Stunning , what sort of paint is it?


----------



## jasonchiu (Mar 8, 2006)

jesus that girl is hot


----------



## Bajie (Dec 13, 2001)

Nice colour.
I think the bonnet would look much better painted like the rest of the car though.
Rear spoiler looks like its "trying" as the rest of the kit, and the colour comes over so well. Rear three quarter view works looks better. But I really have trouble with GT style spoilers as when the car is static the majority of them just look wrong.
I really like the front wings .

Lot of hard work went in there and you should be commended.
Any interior and engine shots ... please


----------



## Cardiff R33 (Jan 16, 2004)

saw this at max power too, know the rear light are the aftermarket e bay jobs probably but i like them and are on my shoppin glist for the winter, where were they from and how much? Also your front light dont look standard?


----------



## Cardiff R33 (Jan 16, 2004)

BTW car looks good, my favourite wheels and nice colour!


----------



## sky101 (Apr 21, 2004)

*Front and rear lights.*

The rear L.E.D. lights I brought from www.essexracing.co.uk. They were an absolute bargain at £210 for the complete set. Easy to fit as well, they plug straight in to the existing light sockets.
As for the front lights, they are U.K. spec headlights.
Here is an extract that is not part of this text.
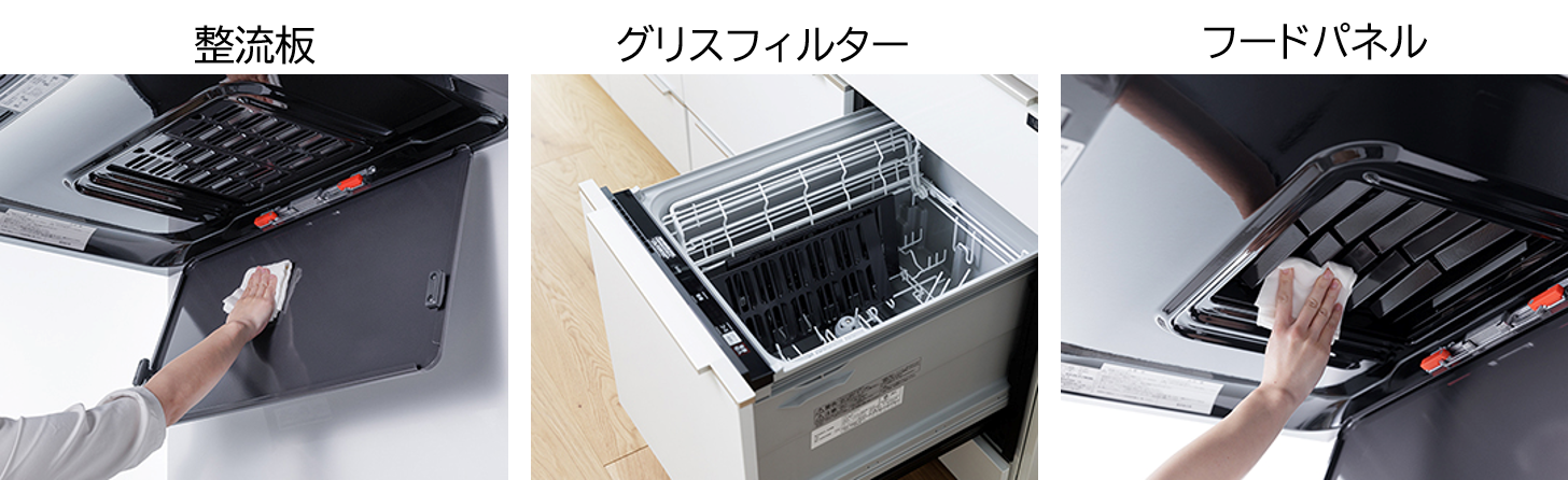 日常的にお手入れが必要なパーツを減らしたレンジフードです。
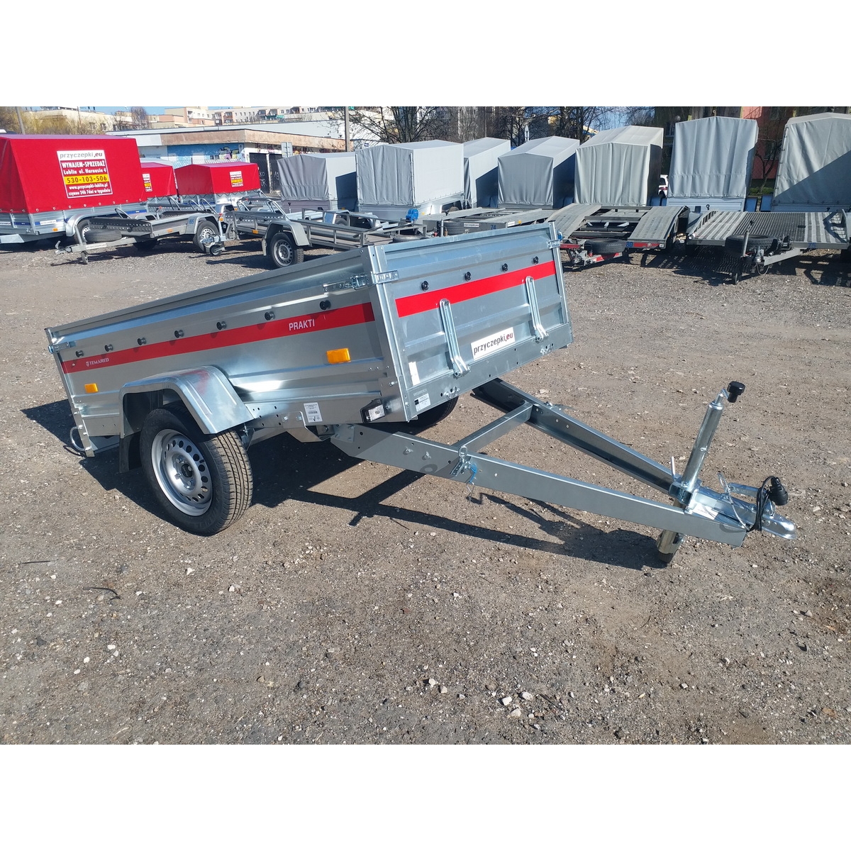 Przyczepy samochodowe serii PRAKTI charakteryzują się uchylnym dyszlem oraz wysoką 40 centymetrową burtą. Przyczepę PRAKTI możemy kiprować co pozwoli na łatwy rozładunek np. sypkiego towaru. Pustą przyczepę możemy przechowywać postawiona na tylnej burcie oszczędzając miejsce w garażu. Przyczepy PRAKTI występują na zawieszeniu opartym o osie skrętne lub doskonałym zawieszeniu na niezależnych wahaczach

They were on the car when I brought it, because it's a U.K. car.:wavey:


----------



## bkvj (Feb 13, 2006)

nice ride, has show AND go...rare lol.

what were all of you doing at max power live then nutters!?


----------



## Cardiff R33 (Jan 16, 2004)

head light are not normally chrome inside though, unless someone else knows better!


----------



## SkylineMannen (Aug 29, 2003)

Holy S**t mate 
:bowdown1: :bowdown1: How in the h**l did you get the babe there? 
Need allsow a simular for my car. :bawling: 

Really nice car loocking clean and mean at the same time. 

Regards
Klaus
Sweden


----------



## MADsteve (Nov 25, 2004)

Cracking colour, awesome bodykit, and great wheels. 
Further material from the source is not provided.